Humm... I hope is was! Well, I was very nervous and paranoid and came up
with a half-assed test to try and see if I could wreak a little havoc;
simple pseudo-code at end of post...




> But I can easily believe that there is such a barrier at the hardware
> level for that CPU. Let's assume that, until and unless we see evidence
> to the contrary.

So far, so good... However, IMHO, it seems that this kind of stuff could be
fairly easily documented in an explicit fashion... Humm...




> |> Humm... Okay... Let's say the language is strictly Assembly, and were
> |> working with something that provides atomic stores/loads to/from
> properly
> |> aligned pointer sized variables... How many current/well-known
> architectures
> |> do you think may be lacking an implied data-dependant load barrier for
> |> atomic loads?
> |>
> |>
> http://groups.google.com/group/comp.programming.threads/msg/8a55976d126906a8
>
> Define 'properly'

Well, Okay... Let's say I read the arch docs for NewCPUFoo and they happen
to explicitly and clearly state that if you want loads/stores to be atomic,
you simply have to ensure that the variable you are loading from or storing
to is exactly equal to the size of a system pointer, and must be aligned on
a boundary that is a multiple of the size of a system pointer. For example,
a 32-bit pointer would mean that the variable has to be exactly 32-bits
wide, and it has to be aligned and be all by itself on a boundary that is a
multiple of 32-bits...




> - which comes back to the language question. In the
> sense that you and Joe Seigh mean it, and at the STRICT hardware level,
> quite possibly none.
>
> But I have seen two stores by CPU A 'reverse' as seen by CPU B on many
> architectures, including when I don't think that it was allowed. What
> I suspect is that most CPU/boards have some CPU configuration state to
> allow or block store/load reordering, and not all systems were setting
> that correctly.
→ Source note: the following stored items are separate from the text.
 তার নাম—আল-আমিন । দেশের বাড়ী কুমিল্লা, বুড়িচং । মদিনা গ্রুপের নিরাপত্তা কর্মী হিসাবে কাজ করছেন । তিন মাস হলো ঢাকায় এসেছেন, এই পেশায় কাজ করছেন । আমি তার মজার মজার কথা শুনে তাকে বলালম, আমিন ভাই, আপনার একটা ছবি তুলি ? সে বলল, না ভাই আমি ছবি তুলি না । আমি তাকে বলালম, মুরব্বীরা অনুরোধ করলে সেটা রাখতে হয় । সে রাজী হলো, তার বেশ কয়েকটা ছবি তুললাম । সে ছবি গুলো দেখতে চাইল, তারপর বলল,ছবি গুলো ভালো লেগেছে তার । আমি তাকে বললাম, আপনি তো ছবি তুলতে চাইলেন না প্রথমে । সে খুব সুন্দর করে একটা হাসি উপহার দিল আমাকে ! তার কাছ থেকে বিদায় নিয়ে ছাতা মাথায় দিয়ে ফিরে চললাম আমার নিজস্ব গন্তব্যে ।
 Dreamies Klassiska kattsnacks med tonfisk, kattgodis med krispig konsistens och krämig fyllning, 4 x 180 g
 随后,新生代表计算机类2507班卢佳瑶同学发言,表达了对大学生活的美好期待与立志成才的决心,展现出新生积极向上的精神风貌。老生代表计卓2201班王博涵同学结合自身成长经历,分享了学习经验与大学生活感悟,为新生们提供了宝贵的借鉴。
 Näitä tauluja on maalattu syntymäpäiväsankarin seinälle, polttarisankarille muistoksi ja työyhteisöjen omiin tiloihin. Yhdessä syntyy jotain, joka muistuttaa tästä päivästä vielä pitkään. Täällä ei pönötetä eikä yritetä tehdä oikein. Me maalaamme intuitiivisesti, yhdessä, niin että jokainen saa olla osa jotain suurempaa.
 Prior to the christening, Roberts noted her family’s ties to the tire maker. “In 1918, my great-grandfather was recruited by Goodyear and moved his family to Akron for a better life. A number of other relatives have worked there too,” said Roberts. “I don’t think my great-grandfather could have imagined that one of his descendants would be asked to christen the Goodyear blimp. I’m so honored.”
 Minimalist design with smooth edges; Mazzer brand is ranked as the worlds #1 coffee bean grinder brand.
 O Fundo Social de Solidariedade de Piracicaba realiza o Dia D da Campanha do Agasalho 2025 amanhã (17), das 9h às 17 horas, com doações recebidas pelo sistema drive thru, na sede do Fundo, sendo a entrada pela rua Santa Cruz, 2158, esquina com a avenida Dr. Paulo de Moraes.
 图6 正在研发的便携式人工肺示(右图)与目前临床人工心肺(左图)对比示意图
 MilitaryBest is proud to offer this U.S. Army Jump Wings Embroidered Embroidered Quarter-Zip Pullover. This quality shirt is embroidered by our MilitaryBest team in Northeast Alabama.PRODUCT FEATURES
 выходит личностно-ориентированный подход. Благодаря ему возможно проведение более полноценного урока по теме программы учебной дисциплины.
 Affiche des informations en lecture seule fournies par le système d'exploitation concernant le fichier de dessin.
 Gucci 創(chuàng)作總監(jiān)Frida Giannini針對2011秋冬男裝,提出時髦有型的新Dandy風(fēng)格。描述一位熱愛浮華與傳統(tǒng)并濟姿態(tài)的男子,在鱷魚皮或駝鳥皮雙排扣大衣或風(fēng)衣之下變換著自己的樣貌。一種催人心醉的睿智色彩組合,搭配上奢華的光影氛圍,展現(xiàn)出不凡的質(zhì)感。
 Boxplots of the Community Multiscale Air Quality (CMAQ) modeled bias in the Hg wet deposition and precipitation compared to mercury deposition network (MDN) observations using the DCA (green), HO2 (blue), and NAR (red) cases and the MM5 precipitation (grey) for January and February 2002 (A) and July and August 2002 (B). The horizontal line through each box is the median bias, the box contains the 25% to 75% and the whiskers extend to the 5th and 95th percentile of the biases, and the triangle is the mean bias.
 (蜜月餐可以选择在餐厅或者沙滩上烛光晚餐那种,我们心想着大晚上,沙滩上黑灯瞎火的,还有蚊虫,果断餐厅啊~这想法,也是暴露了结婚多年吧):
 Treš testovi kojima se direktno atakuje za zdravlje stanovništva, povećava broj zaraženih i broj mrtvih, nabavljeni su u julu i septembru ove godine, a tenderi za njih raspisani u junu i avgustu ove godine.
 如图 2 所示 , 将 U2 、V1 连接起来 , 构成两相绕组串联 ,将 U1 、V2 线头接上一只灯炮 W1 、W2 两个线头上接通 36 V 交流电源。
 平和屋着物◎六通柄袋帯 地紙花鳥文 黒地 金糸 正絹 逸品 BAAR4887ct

But it could also have been associated with interrupt
> handling (including TLB miss, ECC and other), and I am only 99% sure
> that it was a genuine memory reversal, anyway.
>
> Unfortunately, for obvious reasons, it is the worst sort of problem
> imaginable to tie down precisely :-(

Indeed!




> |> If a particular architecture does not have the correct barrier for this
> kind
> |> of stuff... Well, I bet the Linux Kernel developers would not enjoy
> working
> |> that architecture very much at all; RCU performance would tank with
> explicit
> |> #LoadLoad barriers...! :O
>
> Quite. But, if the cost of not doing that were one non-repeatable
> failure every few months, who is going to notice?

lol! :^)




> I was playing with
> SMP applications code, and so was hammering this aspect, but even then
> I rarely saw an anomaly that could plausibly be assigned to such a
> cause.
>
> |> However, I believe that there is a possible solution which involves
> |> amortizing the cost of the explicit #LoadLoad:
> |>
> |> Any thoughts on this?
>
> SOP for more decades than I care to recall.

Thought so...




> |> Well, I try to stick to the following logic for C/Assembly Language:
>
> Grin :-)
>
> Yes, I agree. My position is that I usually write portable code (over
> time AND space) and so can rely on only high-level guarantees - which,
> in my case, I have not got[*].

Here is a little pseudo-code that should fail some time if dependant load
ordering is not supported by the architecture:




#define DEPTH() 999999


typedef struct test_s test_t;


struct test_s {
void *ptrs[DEPTH()]; /* into all to 0 */
};


static test_t *p_store = /* malloc pad and align on proper boundary */
static test_t *p_load = /* align on proper boundary, and set to 0 */


void single_writer_thread() {
for (;;) {
if (! ATOMIC_LOAD(&p_load)) {
membar #LoadLoad;

int i;

for(i = 0; i < DEPTH(); ++i) {
p_store->ptrs[i] = 0;
p_store->ptrs[i] = (void*)(i + 1);
}

membar #LoadStore | #StoreStore;
ATOMIC_STORE(&p_load, p_store);

} else { sched_yield(); }
}
}


void single_reader_thread() {
for (;;) {
test_t *local = ATOMIC_LOAD(&p_load);
/* membar #LoadLoad w/ Data-Dependency Hint Hopefully Implied! */

if (local) {
int i;

for(i = 0; i < DEPTH(); ++i) {
void *val = local->ptrs[i];
assert(val && val == (void*)i + 1);
}

ATOMIC_STORE(&p_load, 0);
membar #StoreStore;
}

else { sched_yield(); }
}
}




Humm...


From: ranjit_mathews@yahoo.com on

Nick Maclaren wrote:

> In fact, that works even for threaded code run on a single CPU, but
> it DOESN'T for threaded code run on multiple CPUs (including cores),
> as the object may span a cache line. So, it's nobody's fault, because
> all of the hardware, compiler and program are following the relevant
> rules, but the resulting program doesn't work ....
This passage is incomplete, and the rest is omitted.